▶ [What to do]: Your job is to print, exactly, the lines in the data below from the line with "Welcome to this" through the line with "2008年元旦一大早,潘村湖", both included, and to omit any picture.

▶ [Data segment]:
☆ ☆ ☆

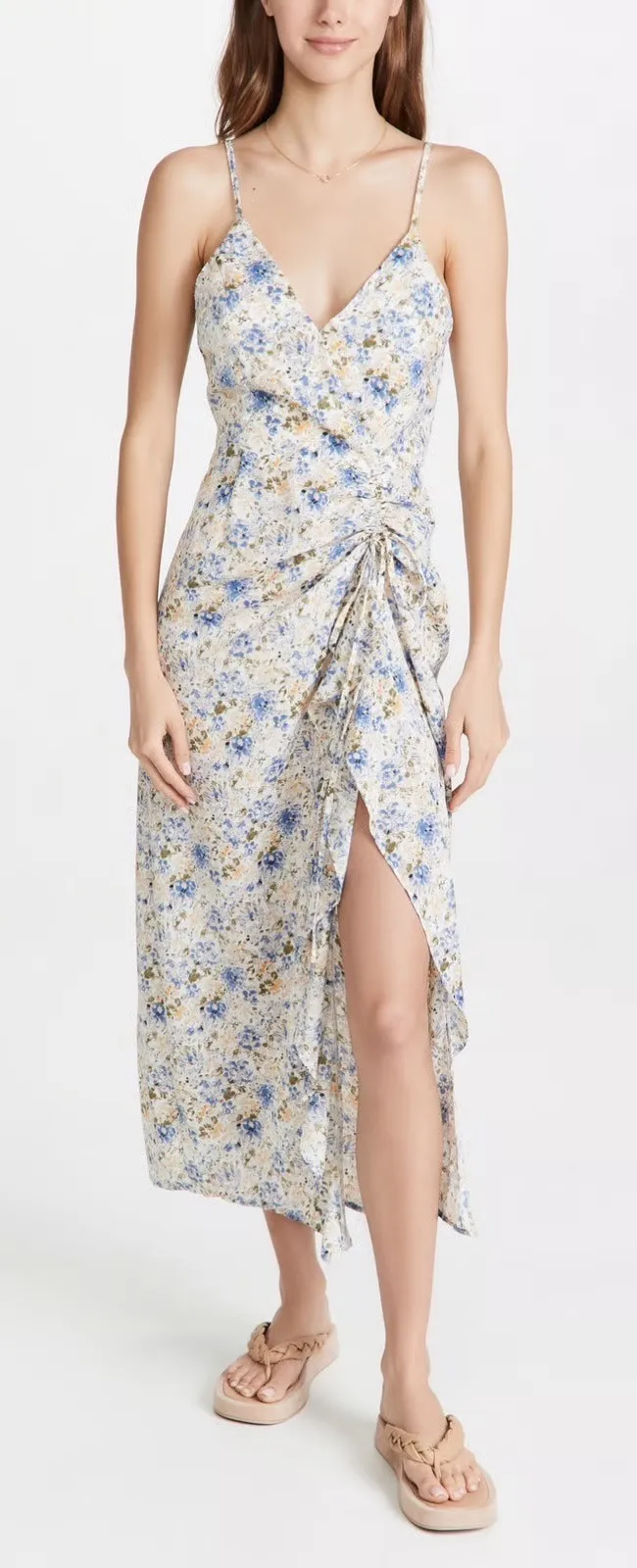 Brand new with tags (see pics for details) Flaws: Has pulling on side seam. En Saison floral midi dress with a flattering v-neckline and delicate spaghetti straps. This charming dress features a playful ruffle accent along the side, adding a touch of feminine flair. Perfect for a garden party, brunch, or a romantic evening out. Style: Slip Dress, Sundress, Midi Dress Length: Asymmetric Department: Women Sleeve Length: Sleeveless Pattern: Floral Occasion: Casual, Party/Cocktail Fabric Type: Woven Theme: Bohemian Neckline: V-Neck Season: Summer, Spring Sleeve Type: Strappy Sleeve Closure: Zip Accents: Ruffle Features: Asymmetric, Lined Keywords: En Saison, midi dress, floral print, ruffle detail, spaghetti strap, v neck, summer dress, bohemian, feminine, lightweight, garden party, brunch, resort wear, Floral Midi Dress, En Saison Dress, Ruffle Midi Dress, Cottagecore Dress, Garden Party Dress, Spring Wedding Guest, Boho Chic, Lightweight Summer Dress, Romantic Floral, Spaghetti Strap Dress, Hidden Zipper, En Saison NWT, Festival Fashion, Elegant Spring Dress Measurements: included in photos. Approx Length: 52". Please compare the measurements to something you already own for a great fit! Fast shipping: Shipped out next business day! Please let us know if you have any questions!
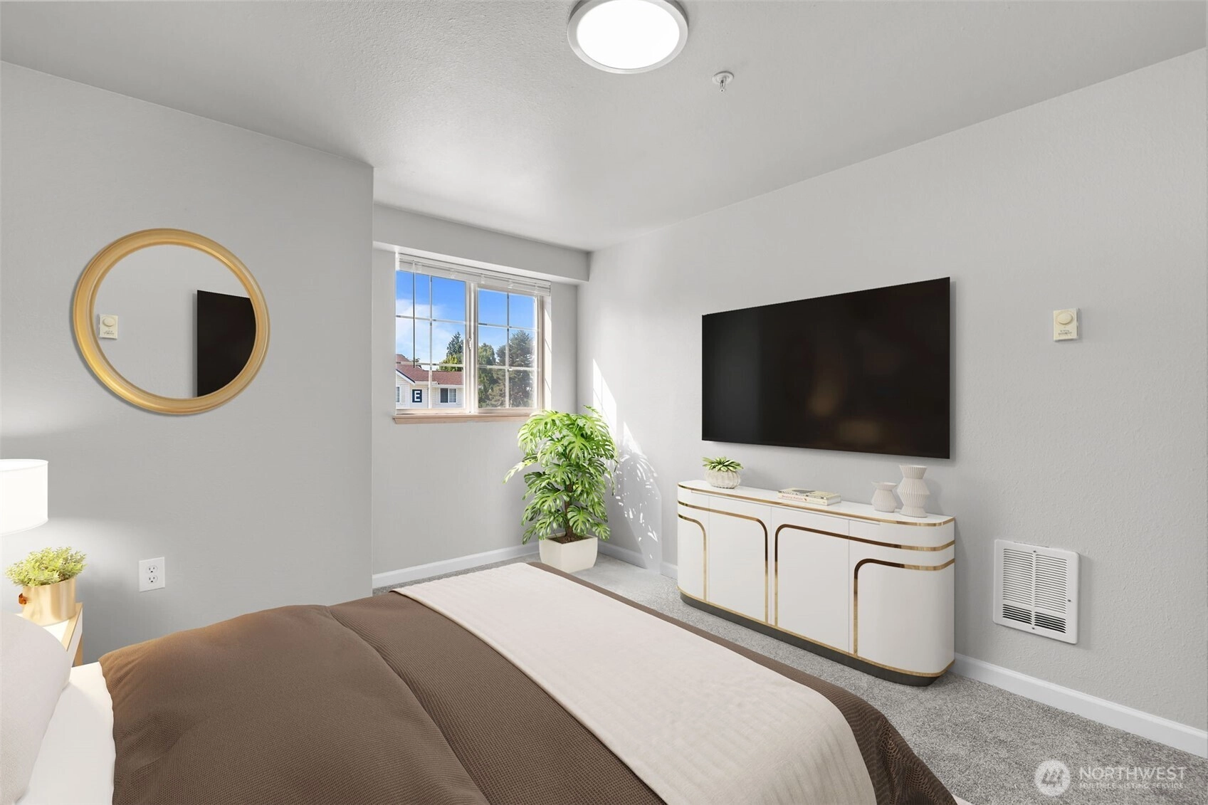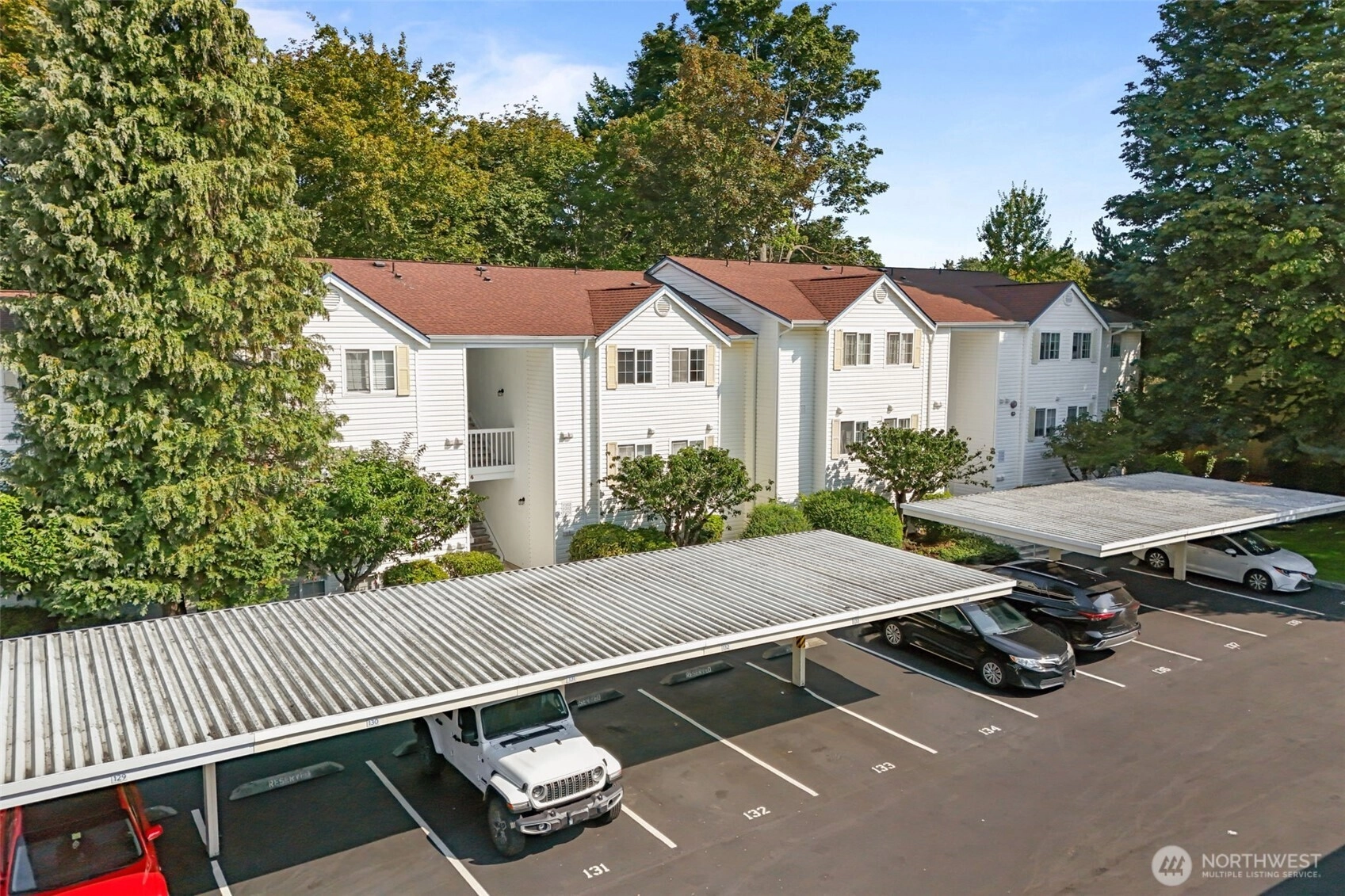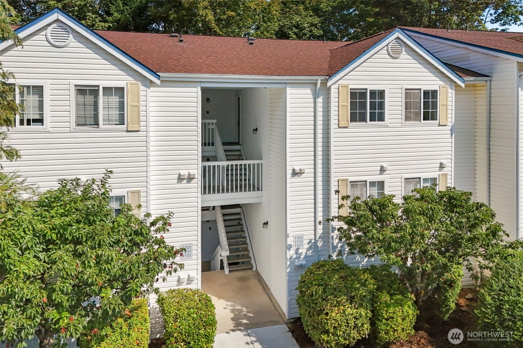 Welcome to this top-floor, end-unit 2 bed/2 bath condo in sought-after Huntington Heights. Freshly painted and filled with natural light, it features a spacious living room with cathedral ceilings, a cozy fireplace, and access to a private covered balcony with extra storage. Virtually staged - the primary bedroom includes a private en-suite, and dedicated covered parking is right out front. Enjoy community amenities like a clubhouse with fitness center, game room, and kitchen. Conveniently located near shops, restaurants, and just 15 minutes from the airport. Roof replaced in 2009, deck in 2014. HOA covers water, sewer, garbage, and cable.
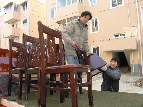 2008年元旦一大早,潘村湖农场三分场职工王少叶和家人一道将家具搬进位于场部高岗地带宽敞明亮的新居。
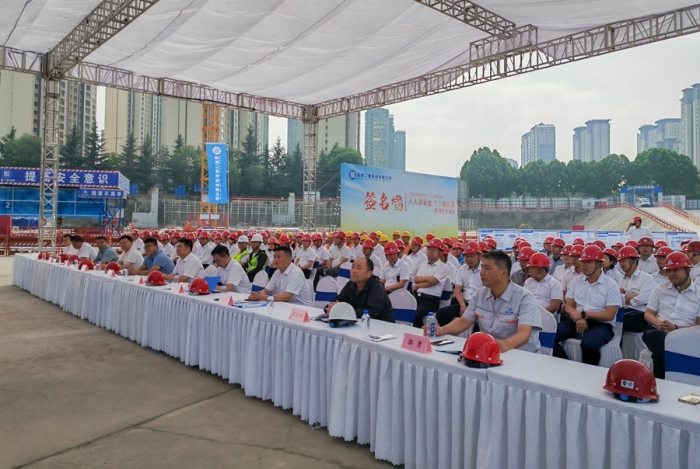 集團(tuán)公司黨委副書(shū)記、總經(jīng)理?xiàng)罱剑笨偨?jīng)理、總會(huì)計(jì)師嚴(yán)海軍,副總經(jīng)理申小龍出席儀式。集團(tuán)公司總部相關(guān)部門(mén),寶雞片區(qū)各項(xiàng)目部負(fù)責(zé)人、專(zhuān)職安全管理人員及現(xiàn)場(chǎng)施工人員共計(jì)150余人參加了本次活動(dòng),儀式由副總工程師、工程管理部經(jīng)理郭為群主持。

☆ ☆ ☆

▶ [Your solution]:
 Welcome to this top-floor, end-unit 2 bed/2 bath condo in sought-after Huntington Heights. Freshly painted and filled with natural light, it features a spacious living room with cathedral ceilings, a cozy fireplace, and access to a private covered balcony with extra storage. Virtually staged - the primary bedroom includes a private en-suite, and dedicated covered parking is right out front. Enjoy community amenities like a clubhouse with fitness center, game room, and kitchen. Conveniently located near shops, restaurants, and just 15 minutes from the airport. Roof replaced in 2009, deck in 2014. HOA covers water, sewer, garbage, and cable.
 2008年元旦一大早,潘村湖农场三分场职工王少叶和家人一道将家具搬进位于场部高岗地带宽敞明亮的新居。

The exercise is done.